Problem to work on: Using the records below, give again exactly the lines from the line that contains "Petra Kruse-Runge (GRÜNE" through the line that contains "Appendix Hedge Positions", both ends included, and only those.

Data records:
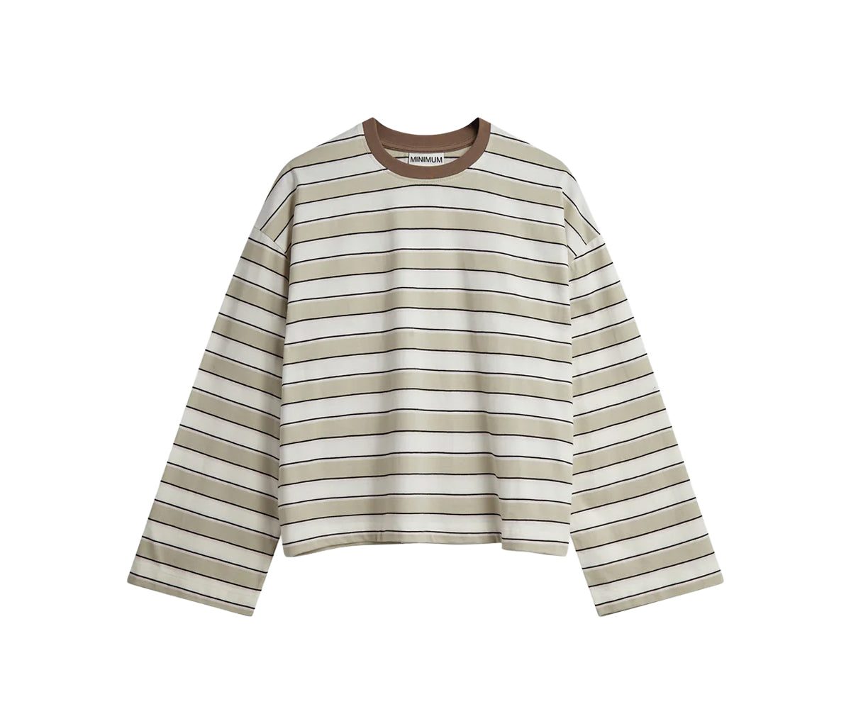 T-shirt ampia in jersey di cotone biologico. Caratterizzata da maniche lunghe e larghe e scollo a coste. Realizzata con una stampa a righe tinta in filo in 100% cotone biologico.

--

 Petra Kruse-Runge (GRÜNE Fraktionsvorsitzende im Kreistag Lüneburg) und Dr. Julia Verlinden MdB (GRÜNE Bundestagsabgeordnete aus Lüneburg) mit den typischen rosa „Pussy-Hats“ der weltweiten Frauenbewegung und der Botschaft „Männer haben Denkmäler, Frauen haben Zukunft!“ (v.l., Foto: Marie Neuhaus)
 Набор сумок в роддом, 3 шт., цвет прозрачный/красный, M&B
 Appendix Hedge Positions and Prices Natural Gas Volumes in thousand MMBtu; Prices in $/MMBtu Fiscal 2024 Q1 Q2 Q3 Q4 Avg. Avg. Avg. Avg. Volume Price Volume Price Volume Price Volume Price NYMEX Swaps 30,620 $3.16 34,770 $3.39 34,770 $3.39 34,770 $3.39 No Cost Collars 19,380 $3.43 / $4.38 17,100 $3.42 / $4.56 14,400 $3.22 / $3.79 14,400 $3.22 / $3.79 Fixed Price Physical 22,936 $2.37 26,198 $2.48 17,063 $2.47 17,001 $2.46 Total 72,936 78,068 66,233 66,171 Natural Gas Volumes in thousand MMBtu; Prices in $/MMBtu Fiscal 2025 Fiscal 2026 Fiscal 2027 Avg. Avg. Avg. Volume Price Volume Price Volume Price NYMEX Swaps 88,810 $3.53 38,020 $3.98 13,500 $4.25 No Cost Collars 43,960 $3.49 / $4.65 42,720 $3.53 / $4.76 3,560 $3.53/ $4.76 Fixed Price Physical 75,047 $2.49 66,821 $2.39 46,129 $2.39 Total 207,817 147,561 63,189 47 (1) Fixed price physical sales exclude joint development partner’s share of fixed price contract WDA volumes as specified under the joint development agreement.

Task result:
 Petra Kruse-Runge (GRÜNE Fraktionsvorsitzende im Kreistag Lüneburg) und Dr. Julia Verlinden MdB (GRÜNE Bundestagsabgeordnete aus Lüneburg) mit den typischen rosa „Pussy-Hats“ der weltweiten Frauenbewegung und der Botschaft „Männer haben Denkmäler, Frauen haben Zukunft!“ (v.l., Foto: Marie Neuhaus)
 Набор сумок в роддом, 3 шт., цвет прозрачный/красный, M&B
 Appendix Hedge Positions and Prices Natural Gas Volumes in thousand MMBtu; Prices in $/MMBtu Fiscal 2024 Q1 Q2 Q3 Q4 Avg. Avg. Avg. Avg. Volume Price Volume Price Volume Price Volume Price NYMEX Swaps 30,620 $3.16 34,770 $3.39 34,770 $3.39 34,770 $3.39 No Cost Collars 19,380 $3.43 / $4.38 17,100 $3.42 / $4.56 14,400 $3.22 / $3.79 14,400 $3.22 / $3.79 Fixed Price Physical 22,936 $2.37 26,198 $2.48 17,063 $2.47 17,001 $2.46 Total 72,936 78,068 66,233 66,171 Natural Gas Volumes in thousand MMBtu; Prices in $/MMBtu Fiscal 2025 Fiscal 2026 Fiscal 2027 Avg. Avg. Avg. Volume Price Volume Price Volume Price NYMEX Swaps 88,810 $3.53 38,020 $3.98 13,500 $4.25 No Cost Collars 43,960 $3.49 / $4.65 42,720 $3.53 / $4.76 3,560 $3.53/ $4.76 Fixed Price Physical 75,047 $2.49 66,821 $2.39 46,129 $2.39 Total 207,817 147,561 63,189 47 (1) Fixed price physical sales exclude joint development partner’s share of fixed price contract WDA volumes as specified under the joint development agreement.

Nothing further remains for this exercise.